Press Release

August 23, 2018
Senate Approves Cardin Provision to Develop a Roadmap for Greater Investment in Support of Energetics at Indian Head Naval Surface Warfare Center
Senate-passed Defense Appropriations Bill Invests in Cutting-Edge Military Research throughout Maryland

WASHINGTON – U.S. Senator Ben Cardin (D-Md.) called the 2019 Defense Appropriations bill passed by the Senate Thursday “an investment in Maryland and the R&D we do better than anyone else for America’s military.”

Senator Cardin: “I was pleased that the Senate approved my amendment to the Defense Appropriations bill that would direct the Department of Defense (DOD) to evaluate the Navy, Air Force, and Army’s investment for energetics research, like what is being done at and in support of the Indian Head Naval Surface Warfare Center. My amendment requires DOD to develop a roadmap on how the Services plan to continue to invest in next generation energetics research. From rocket motors and torpedo fuel to ejector seats, current and emerging energetics technology provides both power and enhanced safety to our service men and women.

“Overall, the Senate-passed Defense Appropriations bill bolsters Maryland’s research & development programs that keep our warfighters on the technological edge worldwide. From Indian Head to Aberdeen Proving Ground, Pax River to Ft.
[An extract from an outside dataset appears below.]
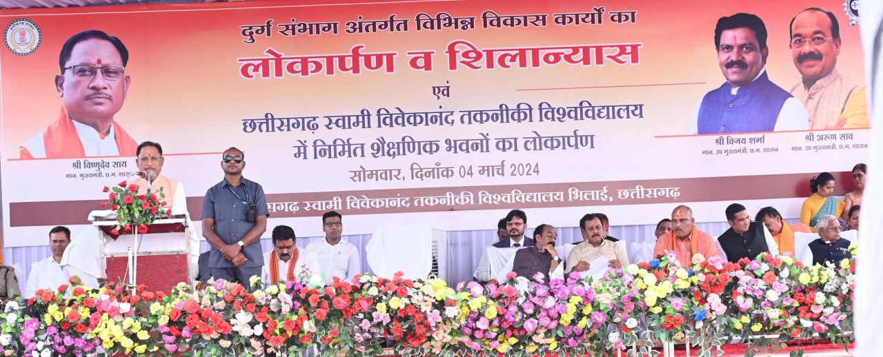 मुख्यमंत्री श्री विष्णुदेव साय ने समारोह को सम्बोधित करते हुए कहा कि आज एक साथ ढ़ाई सौ करोड़ रूपए से अधिक लागत के विकास कार्याें का लोकार्पण व भूमिपूजन हुआ है। जिसका लाभ संभाग के सभी जिलेवासियों को मिलेगा। मुख्यमंत्री श्री साय ने कहा कि पहली कैबिनेट में ही प्रदेश के गरीबों को प्रधानमंत्री आवास योजना अंतर्गत 18 लाख आवास स्वीकृत करने का निर्णय किया गया है। किसानों को धान के दो वर्षाें के बोनस की बकाया राशि 3716 करोड़ रूपए किसानों के खाते में अंतरण किया गया है। वन क्षेत्रों में रहने वाले तेंदूपत्ता संग्राहकों को प्रति मानक बोरा 5 हजार 500 रूपए पारिश्रमिक दिया जाएगा। श्री साय ने कहा कि मोदी जी की गांरटी के मुताबिक सरकार महतारी वंदन योजना के पात्र हितग्राही महिलाओं को प्रतिमाह एक हजार रूपए शीघ्र देने जा रही है। योजना अंतर्गत प्रदेश में 70 लाख 74 हजार आवेदन प्राप्त हुए है। सरकार सभी पात्र हितग्राहियों को लाभान्वित करेगी। उन्होंने कहा कि इस वर्ष प्रदेश में किसानों से रिकार्ड 145 लाख मीट्रिक टन धान की खरीदी 3100 रूपये प्रति क्विंटल के मान से खरीदी हुई है। किसानों को समर्थन मूल्य के भुगतान पश्चात अंतर की राशि भी किसानों के खातों में शीघ्र अंतरित की जाएगी। मुख्यमंत्री श्री साय ने प्रतियोगी परीक्षाओं के प्रतिभागियों को सरकार की गारंटी से अवगत कराते हुए कहा कि राज्य प्रशासनिक सेवा परीक्षा में हुई गड़बड़ियों की जांच सीबीआई को सौंपी गई है।

Detrick, as well as the laboratories at Johns Hopkins University and growing businesses like Brainscope, Maryland-based researchers bringing more power and safety to the battlefield as well as the home front. With the support of the federal government, Marylanders are breaking new ground with advances in cyber and high-performance computing, medical research on traumatic brain injuries and reconstruction of limbs for our wounded warriors, and much more.

“As the Ranking Member of the Senate Small Business & Entrepreneurship Committee, it was a priority for me that we gained full funding for the Small Business Innovation Research (SBIR) and Small Business Technology Transfer (STTR) programs, which increase the utilization of small, high technology firms in federal research and development. Small businesses are often underrepresented in government R&D programs.”